Conference Debriefing (28): “Data Access for Service Providers”

Conference Debriefing (28): “Data Access for Service Providers”

Who has access to data? This has become a key question of the digital economy, which increasingly concerns industry and trade. There is a danger that individual data monopolists will decide on access to customers and opportunities in competition. Rupprecht Podszun’s team has taken a close look at the issue and – together with the Ministries of Justice and Economic Affairs of Northrhine-Westphalia – invited participants to an online workshop. Clemens Pfeifer reports.

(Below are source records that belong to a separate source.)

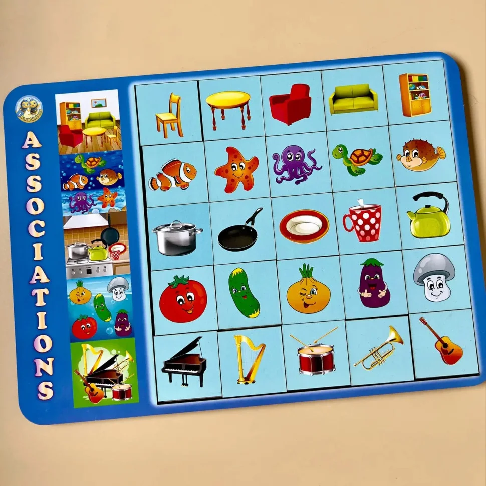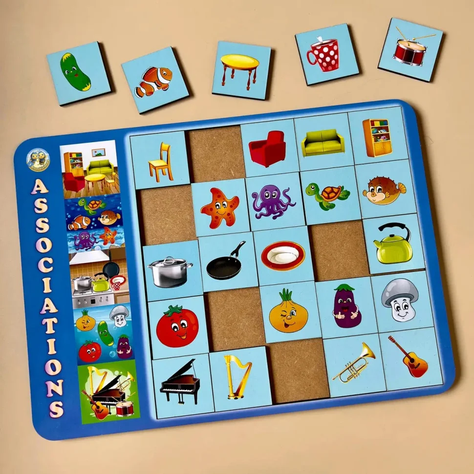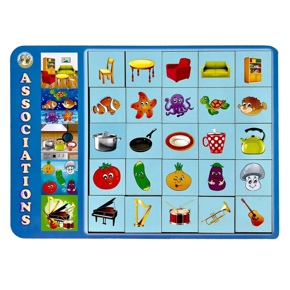 Дерев'яний планшет-рамка, на якому зображені п'ять різних картинок. Квадрати в ряд (всього 5 рядів – 25 плашок) з предметами або персонажами з картинок. Необхідно правильно зібрати 5 рядів плашок із зображенням предметів і персонажів.
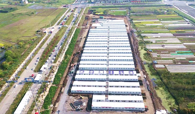 目前,无为市疫情防控隔离点项目隔离仓集装箱材料和室内配套设备已经全部进场,主体安装完成95%,工程即将完工。为助力打赢疫情歼灭战,项目部24小时不间断施工,加速推进各项施工任务。接到援建请求后,公司迅速集结骨干力量,立即成立党员突击队、青年突击队,并于48小时完成设计图纸。动工以来数百名管理人员及工人坚守施工一线、昼夜奋战,克服了工期紧、任务重、物资紧缺、天气恶劣、环境复杂等困难,快速推进现场施工任务高效有序进行。
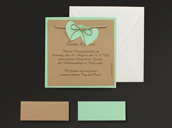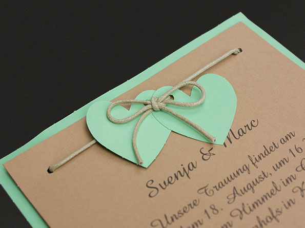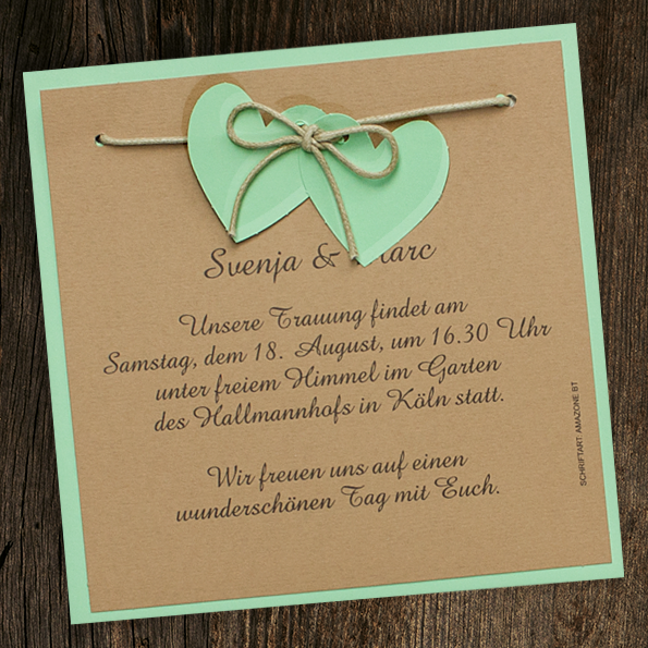 Hochzeitseinladungen Country-Style mit grünen Herzen
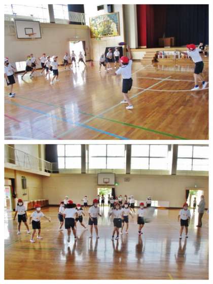 ドッジビーとラグビーボールを使ったドッジボールを楽しんでいます。
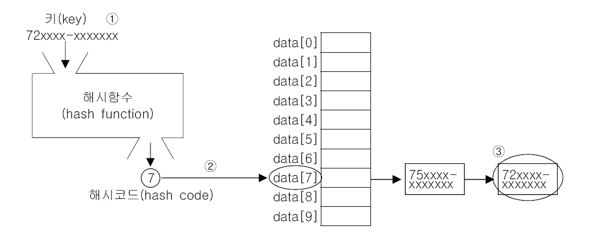 o 예를 들어, "apple"과 "banana"가 해시 값 4를 반환한다면, 해시 테이블의 4번 위치에 ["apple", "banana"]와 같은 형태로 리스트를 만들어 데이터를 저장합니다.
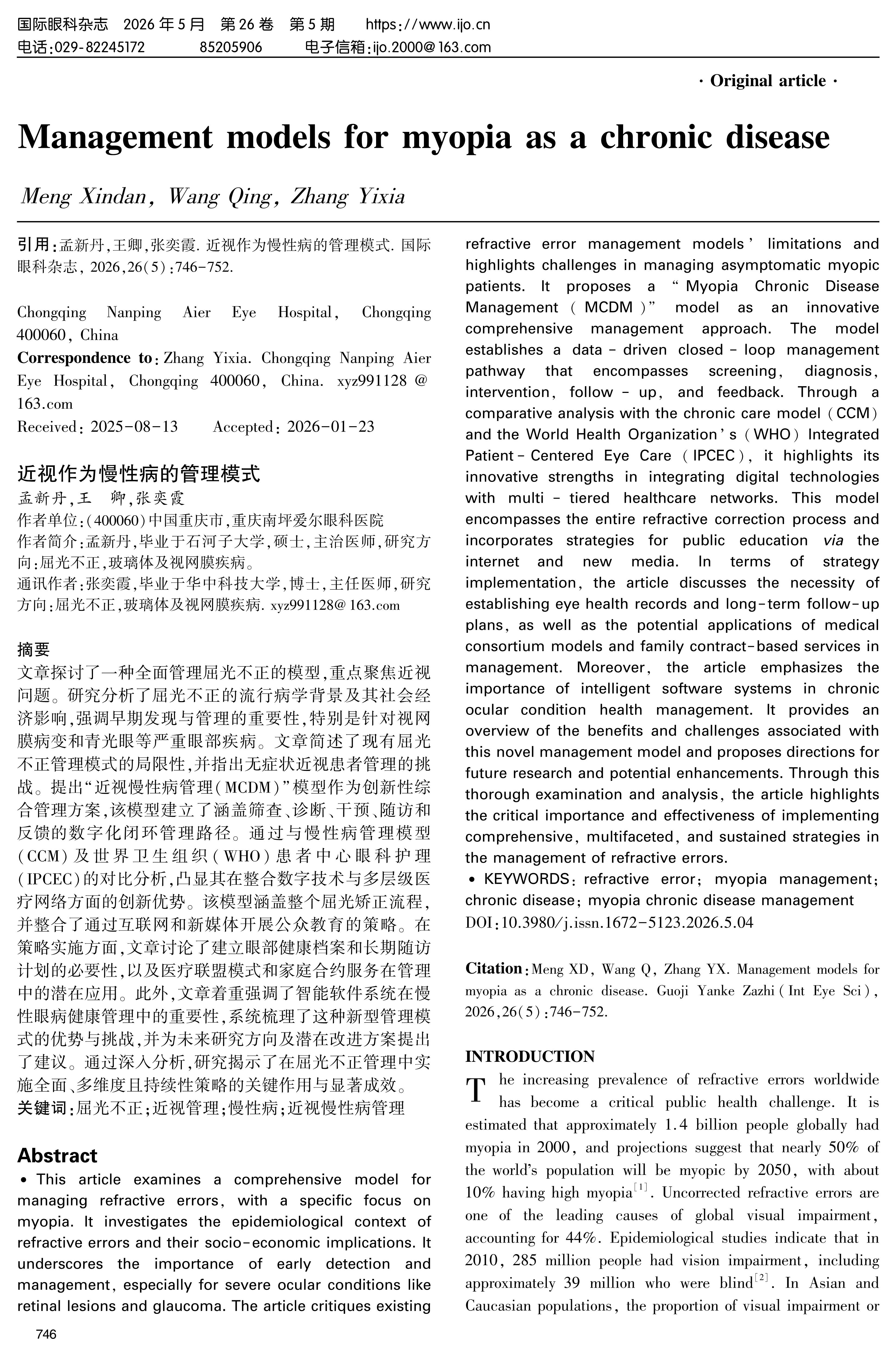 文章探讨了一种全面管理屈光不正的模型,重点聚焦近视问题。研究分析了屈光不正的流行病学背景及其社会经济影响,强调早期发现与管理的重要性,特别是针对视网膜病变和青光眼等严重眼部疾病。文章简述了现有屈光不正管理模式的局限性,并指出无症状近视患者管理的挑战。提出“近视慢性病管理(MCDM)”模型作为创新性综合管理方案,该模型建立了涵盖筛查、诊断、干预、随访和反馈的数字化闭环管理路径。通过与慢性病管理模型(CCM)及世界卫生组织(WHO)患者中心眼科护理(IPCEC)的对比分析,凸显其在整合数字技术与多层级医疗网络方面的创新优势。该模型涵盖整个屈光矫正流程,并整合了通过互联网和新媒体开展公众教育的策略。在策略实施方面,文章讨论了建立眼部健康档案和长期随访计划的必要性,以及医疗联盟模式和家庭合约服务在管理中的潜在应用。此外,文章着重强调了智能软件系统在慢性眼病健康管理中的重要性,系统梳理了这种新型管理模式的优势与挑战,并为未来研究方向及潜在改进方案提出了建议。通过深入分析,研究揭示了在屈光不正管理中实施全面、多维度且持续性策略的关键作用与显著成效。
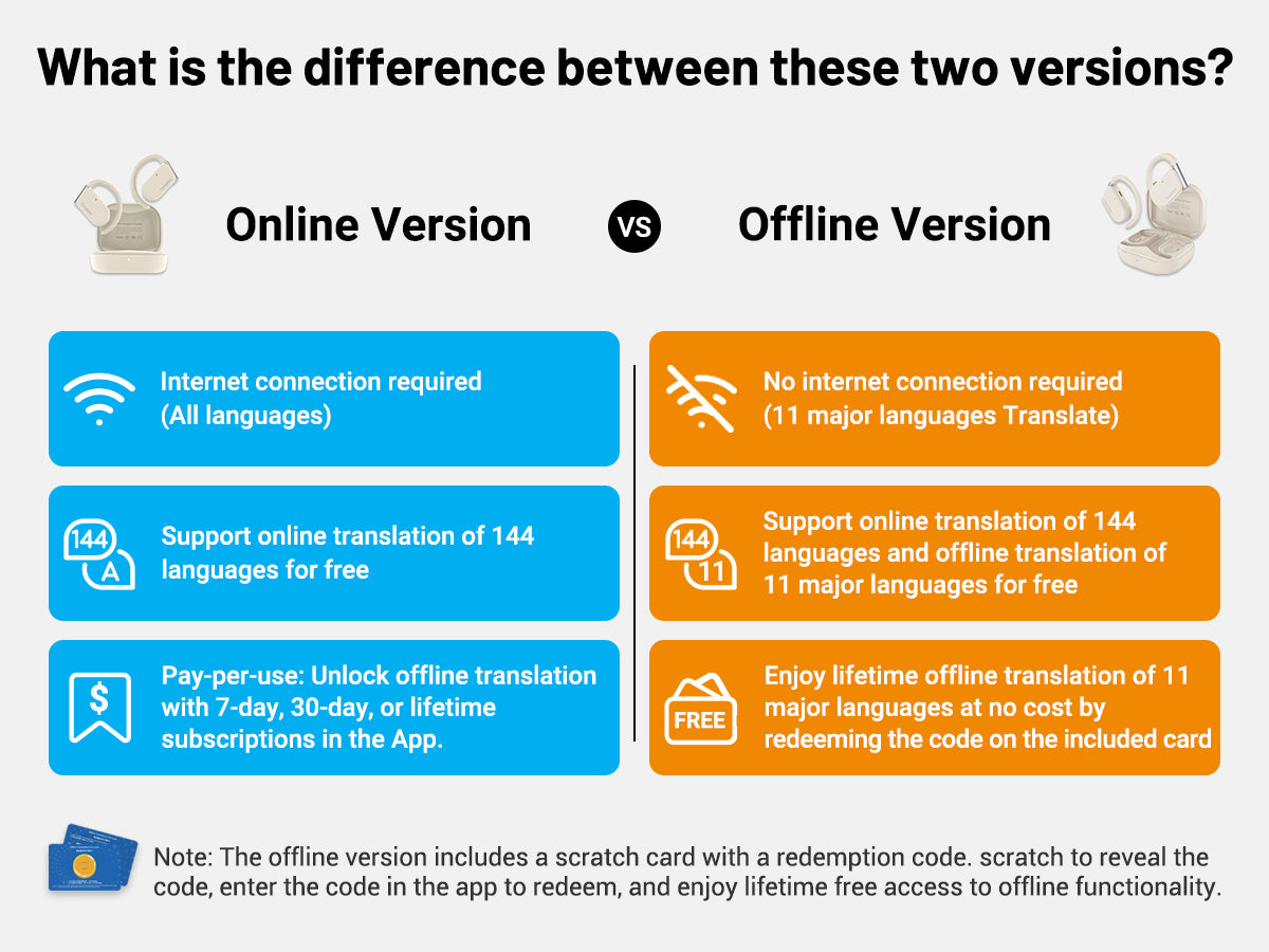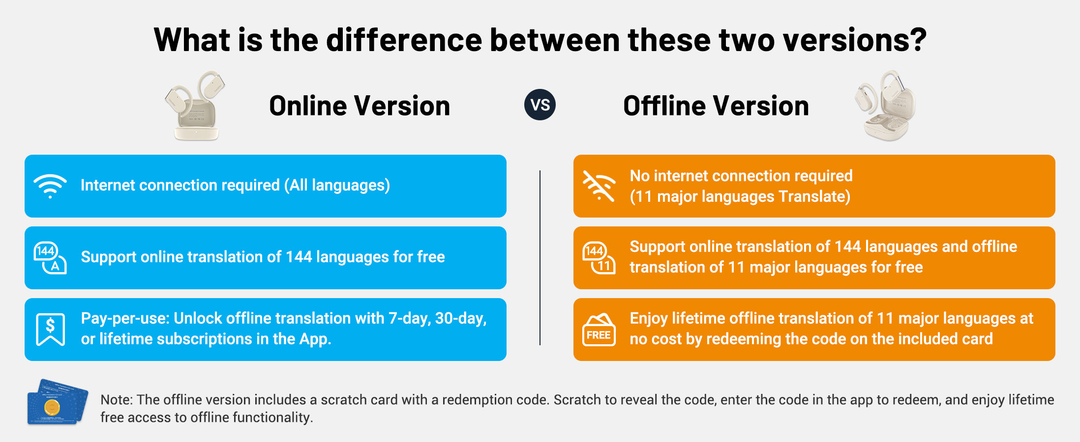 Our Wooask® M9 Open Ear translation earbuds support both online and offline translation. You can choose the version that suits your needs, and there are no additional fees after purchase.

For the recording of the entire event (in German), click here: YouTube

Name of the event:
Data Access for Service Providers | Law – Practice – Perspectives

Topic:
How must access to data, software and platforms be designed in the smart world to ensure competition and innovation?

Place & time:
2.2.2022 via Webex (it even worked!)

Hosts:
A trio: Our very own Heinrich Heine University Düsseldorf (namely our chair) had allied with the NRW Ministry of Economics (correct abbreviation: MWIDE) and the NRW Ministry of Justice. NRW stands for Northrhine-Westphalia, the Land with the most inhabitants in Germany. The ministers Prof. Dr. Andreas Pinkwart (an economist, actually specialized in innovation management) and Peter Biesenbach (a lawyer) welcomed the participants.

Audience:
Almost 170 interested people, who also participated in lively discussions from their homes and asked investigative questions. Among them were antitrust lawyers like Eberhard Temme from the Federal Cartel Office, numerous lawyers with well-known names in the German bubble, academics like Axel Metzger and Simonetta Vezzoso, many people from associations, chambers and companies. (And of course the one guy who directly enriched the chat with his LinkedIn profile without being asked).

What a strong setting!

Prof. Dr Andreas Pinkwart Peter Biesenbach – a high profile welcome

Indeed, the list is long. The panels were attended by top-class people from practice, academia and politics, so it was worth logging in. Besides, it is not every day that a minister is scheduled to give a welcome address but then stays for the whole day. Apparently, Minister Biesenbach found the topic so exciting that he decided to follow it. In his house, the unit for digital legal issues (headed by Eva Lux) had taken the lead – the team had already proven itself in the Working Group “Digital New Start” of the state ministries of justice in Germany – their reports are a treasure trove for all those who want to plough digital legal issues, as the students of Prof. Podszun were already able to experience in their seminar papers… In the North Rhine-Westphalian Ministry of Economics, the unit for competition law was responsible (Head: Christopher Harrell). Jennifer Gerwing, an MWIDE officer, led the day with aplomb.

Why all the fuss?

The Ludwig Fröhler Institute for Craft Sciences had commissioned Rupprecht Podszun to conduct a study on the crafts sector in the digital economy (open access). Well, craft is the translation for “Handwerk” which seems to be a very German thing – just translate it to service providers like the plumber, the car mechanic or the chimney sweeper. The findings are worrying for those who care about free competition and independent SMEs. There is a threat of not too distant future scenarios like that of Mr K:

It is 12 October 2025. Mr K’s smart heating control system detects irregularities in the recorded data that indicate a defect is imminent. Mr K is threatened by a cold winter, but the data system operated by the heating manufacturer sounds the alarm directly on the manufacturer’s own platform – and activates a suitable service provider who can carry out the maintenance. The service provider already has the necessary spare parts, of course from the manufacturer’s production. And pays the manufacturer a hefty commission for the job. This is really practical for Mr K!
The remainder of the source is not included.